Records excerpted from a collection
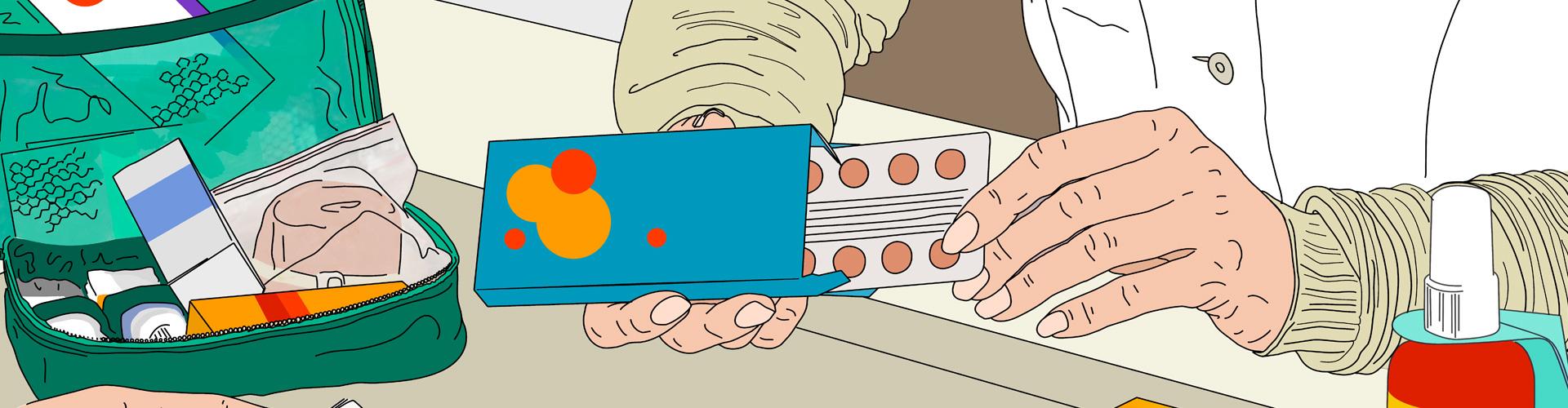 Individuelle Überprüfung und Beratung zur Reiseapotheke, Empfehlung der Grund- und Spezialausstattung, im Sprechzimmer.
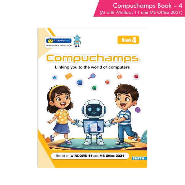 The Compuchamps Book – 4 is an advanced educational resource designed to elevate young learners’ understanding of computer concepts. This book covers a broad range of topics, including types of personal computers, an introduction to LOGO, deeper insights into operating systems, types of memory, working with MS Windows, advanced features of Microsoft Word 2016, classification and characteristics of computers, and an introduction to PowerPoint presentations. Based on Windows 2010 and MS Office 2016, the course ensures that the content is both relevant and up to date. Each chapter features engaging activities like fill-in-the-blanks, question-and-answer sections, and matching exercises to help students recall and reinforce their learning.
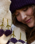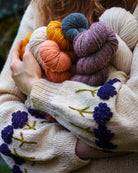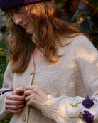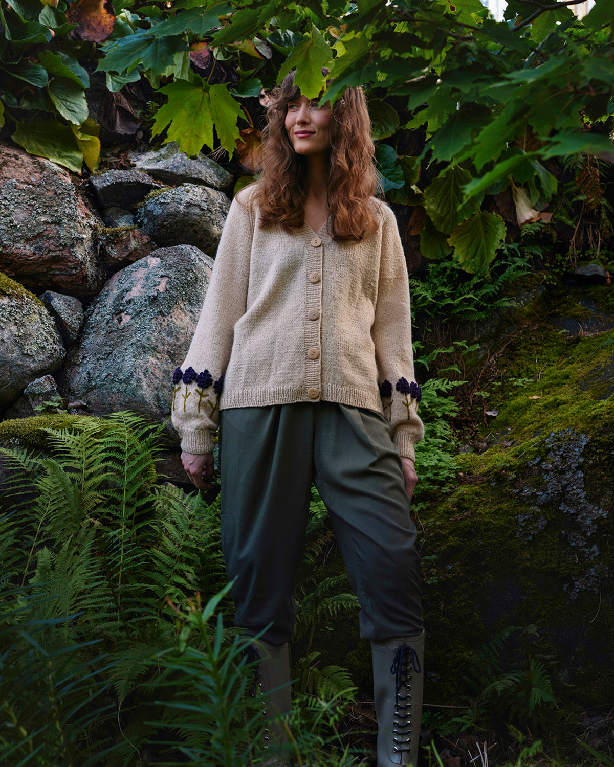 Liivia cardigan is worked seamlessly from the top down. The patterning on the sleeves is created by working knitted bobbles and crocheted stems.
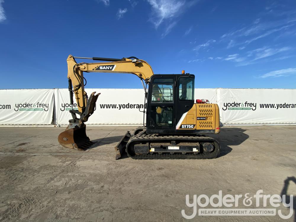 2018 Sany SY75C Excavator, Rubber Tracks, Blade, Aux Hydraulics, QC, 36" Bucket, Hydraulic Thumb - SY007DBJN0728
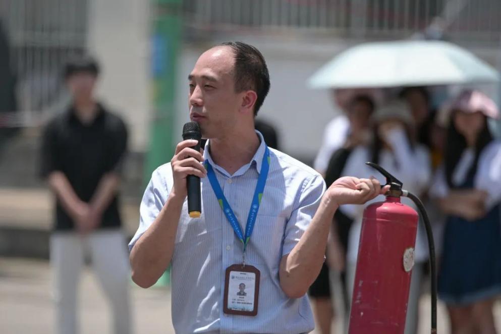 辅导员郑佳伟为同学们模拟火灾现场,并普及消防知识及逃生小常识,同时给同学们认真讲授干粉灭火器的使用方法和注意事项,总结出“一看、二摇、三拔、四握、五喷”灭火器使用五步法,随后组织现场人员有秩序地进行“灭火体验”。
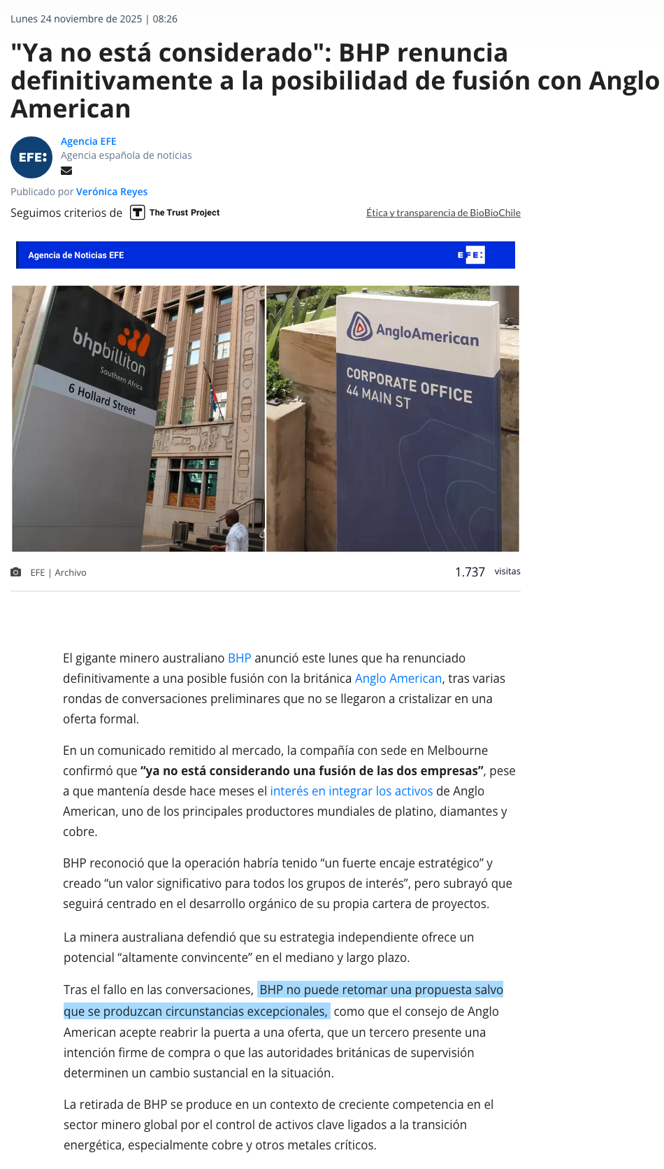 Tras meses de conversaciones: BHP renuncia definitivamente a una fusión con Anglo American - (emol)
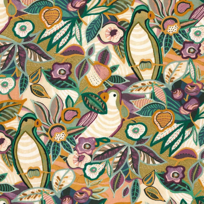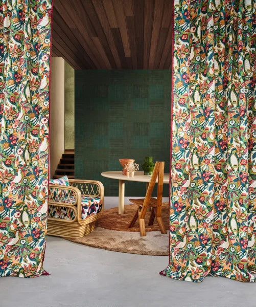 In a cloud of flowers and birds, we discover the magic of Pico Bonito,a park in central Honduras. Printed on a cotton and linen base, the flowers and birds are embroidered with an acrylic yarn. The embroidery heightens the colour contrast on the outlines of a patral or the veining of a leaf and gives the fabric a luxurious drape.
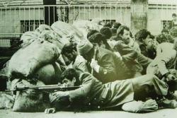 •دهها هزار تن از مردم در خیابان فرحآباد، پشت کیسههای شن و خاک سنگر گرفتند.

**Exercise details:** Write all the entries again word for word, minus the pictures.

**Solution to this exercise:**
 Individuelle Überprüfung und Beratung zur Reiseapotheke, Empfehlung der Grund- und Spezialausstattung, im Sprechzimmer.
 The Compuchamps Book – 4 is an advanced educational resource designed to elevate young learners’ understanding of computer concepts. This book covers a broad range of topics, including types of personal computers, an introduction to LOGO, deeper insights into operating systems, types of memory, working with MS Windows, advanced features of Microsoft Word 2016, classification and characteristics of computers, and an introduction to PowerPoint presentations. Based on Windows 2010 and MS Office 2016, the course ensures that the content is both relevant and up to date. Each chapter features engaging activities like fill-in-the-blanks, question-and-answer sections, and matching exercises to help students recall and reinforce their learning.
 Liivia cardigan is worked seamlessly from the top down. The patterning on the sleeves is created by working knitted bobbles and crocheted stems.
 2018 Sany SY75C Excavator, Rubber Tracks, Blade, Aux Hydraulics, QC, 36" Bucket, Hydraulic Thumb - SY007DBJN0728
 辅导员郑佳伟为同学们模拟火灾现场,并普及消防知识及逃生小常识,同时给同学们认真讲授干粉灭火器的使用方法和注意事项,总结出“一看、二摇、三拔、四握、五喷”灭火器使用五步法,随后组织现场人员有秩序地进行“灭火体验”。
 Tras meses de conversaciones: BHP renuncia definitivamente a una fusión con Anglo American - (emol)
 In a cloud of flowers and birds, we discover the magic of Pico Bonito,a park in central Honduras. Printed on a cotton and linen base, the flowers and birds are embroidered with an acrylic yarn. The embroidery heightens the colour contrast on the outlines of a patral or the veining of a leaf and gives the fabric a luxurious drape.
 •دهها هزار تن از مردم در خیابان فرحآباد، پشت کیسههای شن و خاک سنگر گرفتند.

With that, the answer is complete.